Where an entry below contains an image, skip the image and reproduce the rest exactly.
━━━ Data ━━━
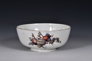 Teile eines Kaffeservice, dekoriert mit bunten Früchten und Gemüsestilleben
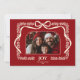 Rouge moderne Noël Botanique Bow Ribbon Photo Carte cadre avec texte JOY
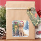 Field Spaniel Snowy Fence Santa Hat Christmas Art Square Sticker
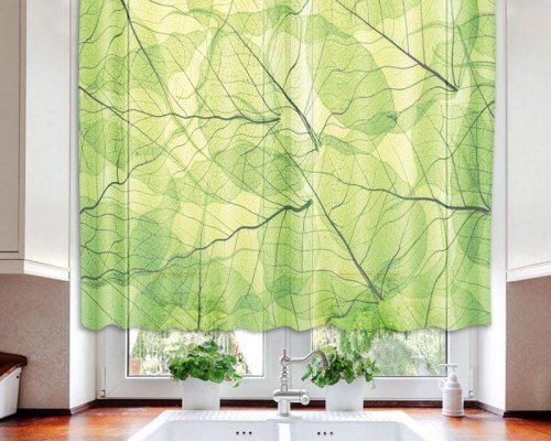 Textilní foto záclona s motivem Žilek zelených listů v rozměru 140 cm x 120 cm skvěle doladí váš interier.
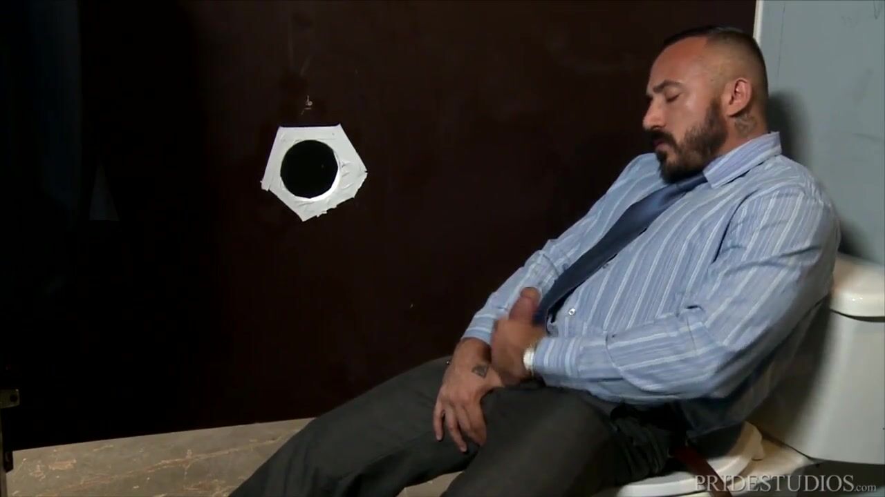 horny at work, trying to release some stress in the bathroom when dick appears in gloryhole
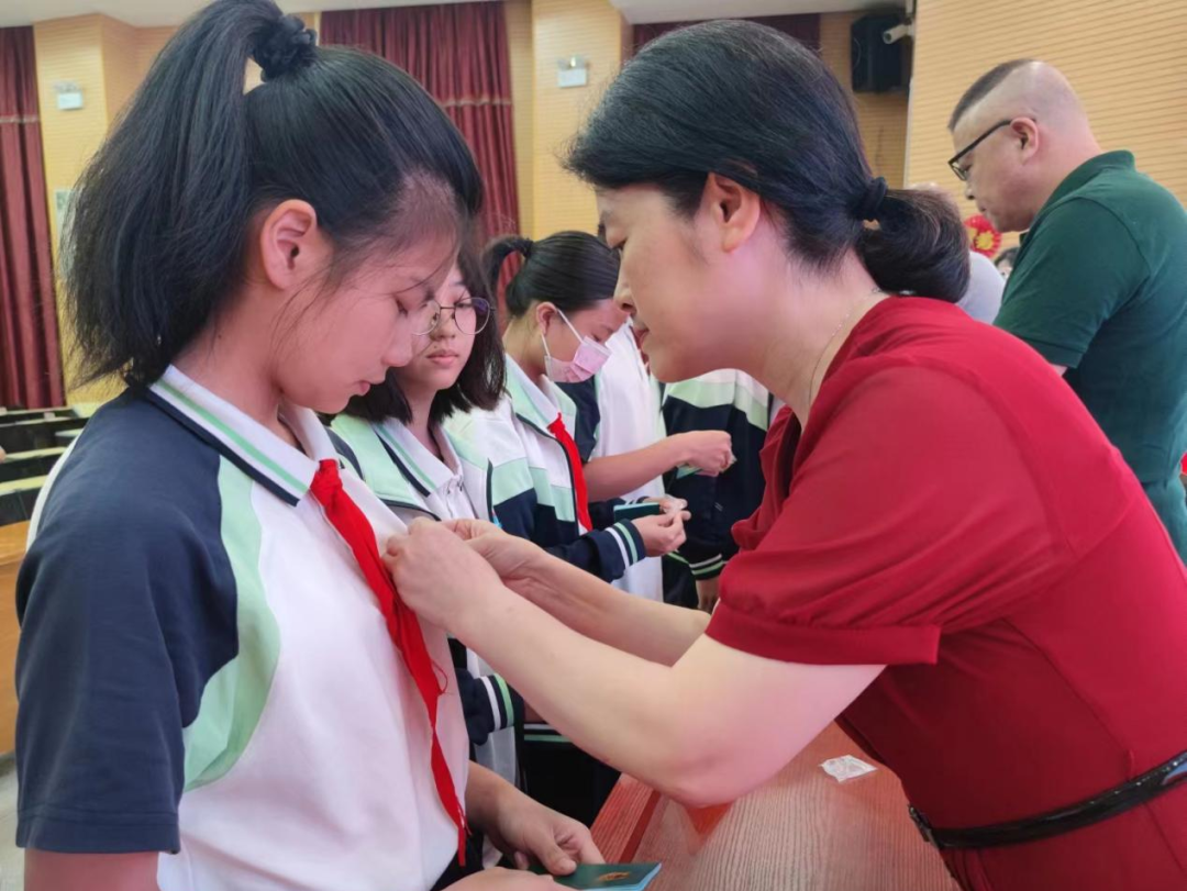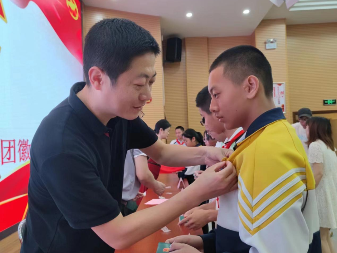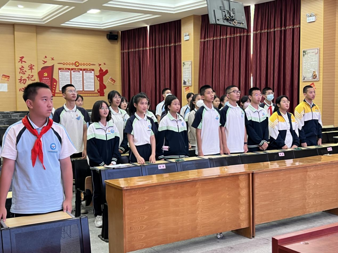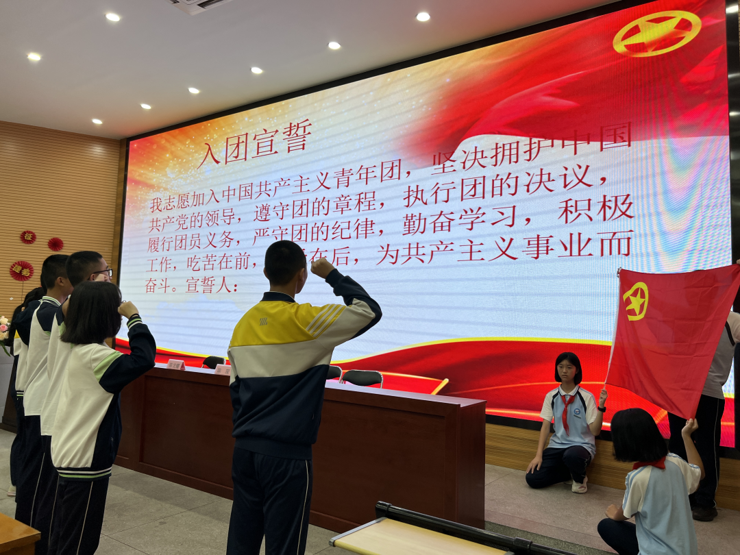 在初三1班张诚镔同学的领誓下,新团员们面向团旗,高举右手,庄严宣誓,誓言里饱含真挚与热情,他们用铿锵有力的誓言表达了作为共青团员的责任和担当。
━━━
- **Expected answer**
 Teile eines Kaffeservice, dekoriert mit bunten Früchten und Gemüsestilleben
 Rouge moderne Noël Botanique Bow Ribbon Photo Carte cadre avec texte JOY
 Field Spaniel Snowy Fence Santa Hat Christmas Art Square Sticker
 Textilní foto záclona s motivem Žilek zelených listů v rozměru 140 cm x 120 cm skvěle doladí váš interier.
 horny at work, trying to release some stress in the bathroom when dick appears in gloryhole
 在初三1班张诚镔同学的领誓下,新团员们面向团旗,高举右手,庄严宣誓,誓言里饱含真挚与热情,他们用铿锵有力的誓言表达了作为共青团员的责任和担当。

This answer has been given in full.